The data presented in this paper represent the first imaging circular polarimetry of OMC-1, a high-mass star-forming region. The results obtained show a stark contrast to the low-mass sources, with degrees of circular polarization an order of magnitude greater. In the following sections, we describe how the circular polarimetry data were obtained, then present the results and compare them with other complementary data sets. Most existing models have thus far only considered scattering from spherical grains. Here, we apply a model that calculates scattering off aligned aspherical grains (Gledhill & McCall, in preparation) to analyse our results. Finally, we discuss the implications of these results for the cloud morphology and briefly comment on their significance to the origins of life.
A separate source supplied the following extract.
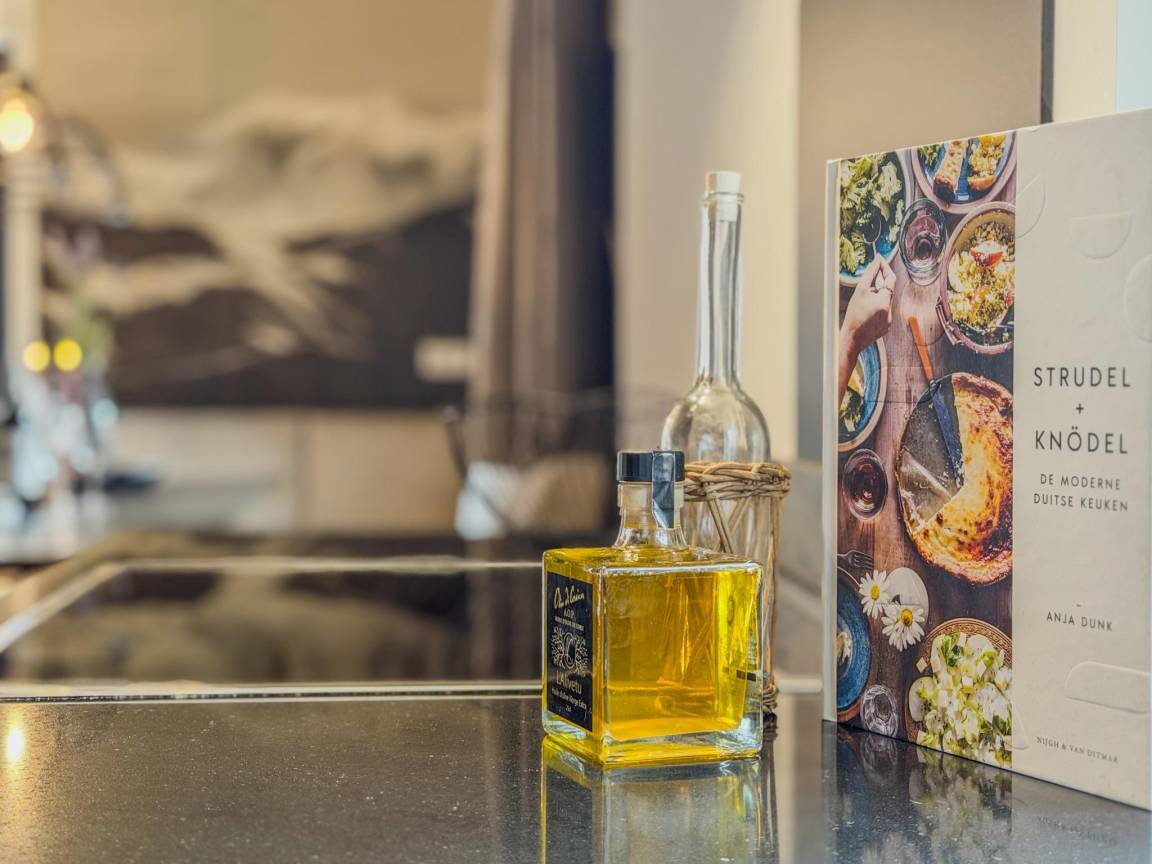 Layout : Parterre(privater Eingang): Eingang mit Staubsauger , offene Küche mit Kochplatte(4 Kochplatten, Induktion), Wasserkocher, Dunstabzugshaube, Kaffeemaschine(nespresso cups), Kombi-Mikrowelle, Geschirrspüler, Kühl-/Gefrierkombination , Wohn/Esszimmer mit Doppelschlafcouch(160 x 200 cm), TV(Flatscreen, smart TV), Esstisch(8 Personen) , Badezimmer mit Dusche(ebenerdige Dusche, Regen), Waschbecken , Toilette mit Waschbecken, Toilette , Skiabstellraum(von außen erreichbar), Terrasse(alleinige Nutzung, illuminiert, 25 m²)

Circular polarimetric observations of OMC-1, in the J, H and Kn bands, were obtained on the night of 1996 November 20 at the 3.9-m Anglo-Australian Telescope (AAT), Siding Spring, Australia. The facility infrared imager—spectrometer, IRIS, was used at the f/15 telescope focus using instrument optics that provided a 0.6-arcsec pixel scale.
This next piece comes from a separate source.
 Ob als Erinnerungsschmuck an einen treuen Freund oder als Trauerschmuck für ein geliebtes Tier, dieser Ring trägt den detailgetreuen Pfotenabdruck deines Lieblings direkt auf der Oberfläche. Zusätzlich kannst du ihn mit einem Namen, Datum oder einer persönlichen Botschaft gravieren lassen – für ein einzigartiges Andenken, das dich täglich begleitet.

Polarimetry with IRIS is obtained with the infrared polarimetry module IRISPOL, built and designed by the University of Hertfordshire, placed upstream of IRIS while a cold MgF2 Wollaston prism within the instrument splits the incoming radiation into the orthogonally polarized extraordinary (e-) and ordinary (o-) beams. This acts as the polarimetric analyser. A focal plane mask within the cryostat masks off half of the field to enable the e- and o-beams to be projected on to the array with minimum overlap. This effectively reduces the field of view to two strips of |75×20 arcsec2, separated by |20 arcsec.
The OMC-1 data were centred on the Becklin—Neugebauer (BN) object [α=5h 35m 1412, δ = −5° 22′ 229, J2000: Menten & Reid (1995)], using a four-point east—west jitter pattern at each field position. A map of the region was obtained by offsetting the telescope by 15 arcsec in declination from each field position.
Exposure times were 2 s with 30 co-adds per waveplate position in the Kn and H bands, and 6 s with 10 co-adds in the J band. The Kn filter is optimized to reduce the thermal background at the long-wavelength end, and the effect of water vapour at the short-wavelength end of the filter passband (2.0–2.3 μm). The BN object was saturated in the Kn filter.
Circular polarimetric observations of OMC-1 through a 1 per cent filter at 3.6 μm (the nbL filter) were obtained on the night of 1998 January 29 at the 3.8-m United Kingdom Infrared Telescope (UKIRT) on the summit of Mauna Kea, Hawaii. The facility infrared camera, IRCAM3, was used at the f/36 Cassegrain focus. The pixel scale of the camera was 0.28 arcsec per pixel.
The polarimetry module of UKIRT, IRPOL2 (similarly designed and built at the University of Hertfordshire), operates in an almost identical manner to IRISPOL at the AAT. Inside IRCAM3 there is a cold lithium niobate (LiNbO4) Wollaston prism. The focal plane mask is exterior to the dewar, i.e. it is warm. The field of view through each aperture of the mask is similar to that of IRISPOL.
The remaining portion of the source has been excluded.